The red flags I listed here are not in any particular order of riskiness. Let’s take a look.

  1. Hiding a foreign bank account in the Swiss alps? Good luck with that. The IRS has ramped up a great deal of effort in recent years to bring folks back into the compliance fold. There are two reporting requirements (the $10,000 rule and the $50,000 rule) related to foreign assets and the penalty can easily wipe away all of your oversea savings.
  2. Divorced ex-spouses report a different amount of alimony paid (deductible expense) and received (taxable income). This mismatch can be easily caught by the IRS computer system. Guess which spouse will be the lucky one to explain the mishap to the IRS? It’s the payor spouse who got the deduction in the first place.
  3. An unreported income on a Form 1099 can come back to haunt you a few years down the road. This could be a slot machine winning, a prize or award you won, or a small consulting job you did for a company. Sometimes people simply forget about it, and sometimes it is the payor’s mistakes (late filing, filed with mistakes…etc). Either way, once the form is reported to the IRS, you are on the hook to report it.

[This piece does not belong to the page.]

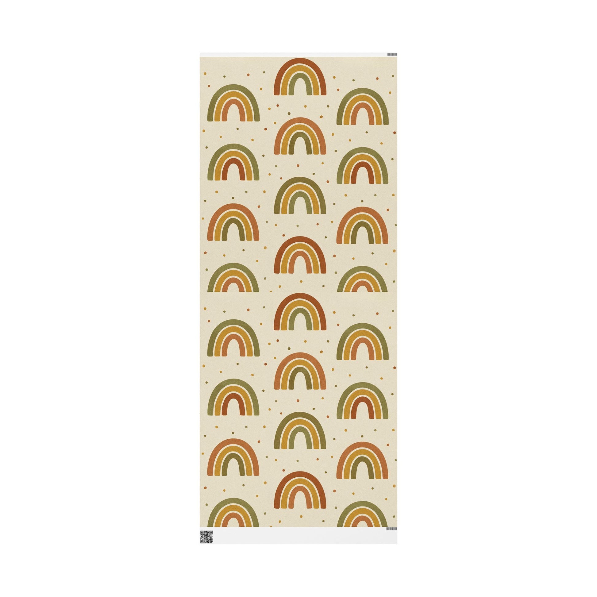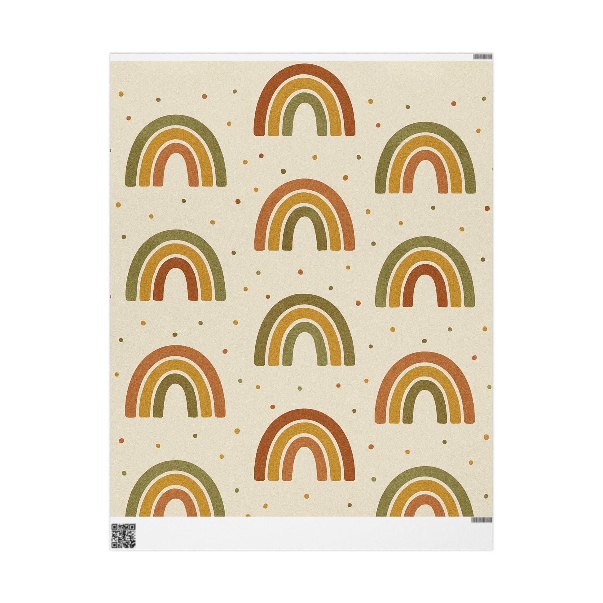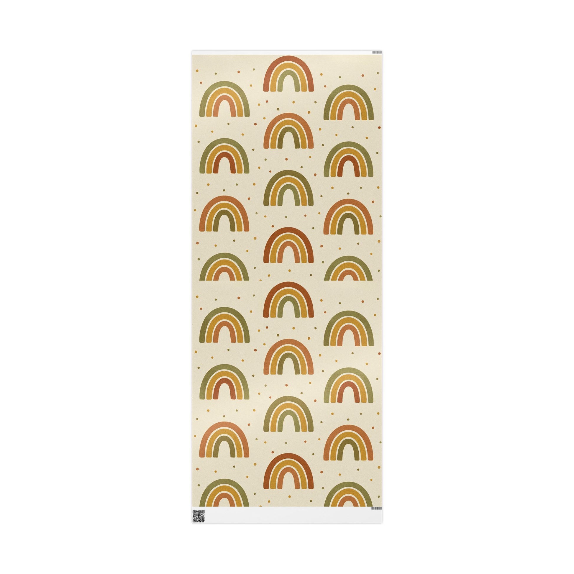 Featuring a repeating pattern of retro-style rainbows in warm earth tones—terracotta, mustard, and olive—sprinkled with playful polka dots across a soft beige background, this wrapping paper offers the perfect blend of simplicity and charm.

  4. If you buy and sell ETFs, stocks, mutual funds and the like, be sure to obtain Form 1099-B from your brokerage firms and report all relevant items on your tax return. Easily missed and buried deep inside the many pages of Form 1099-B are the Form 1099-INT (interest income), Form 1099-DIV (dividend and capital gain) and foreign tax credits. Please do spend some time to review the entire deck of Form 1099-B.
  5. You will receive a Form 1099-K (Payment Card and Third Party Network Transactions) if you collect or receive money via a third party network such as Paypal. Be sure to include these money in your annual income tally because the IRS also receives the same information from Paypal.
  6. Schedule C filed by sole proprietors, aka self-employed individuals, tends to have a higher risk of getting audited. Simply forming a corporation or an LLC will help provide stability and peace of mind for many years to come.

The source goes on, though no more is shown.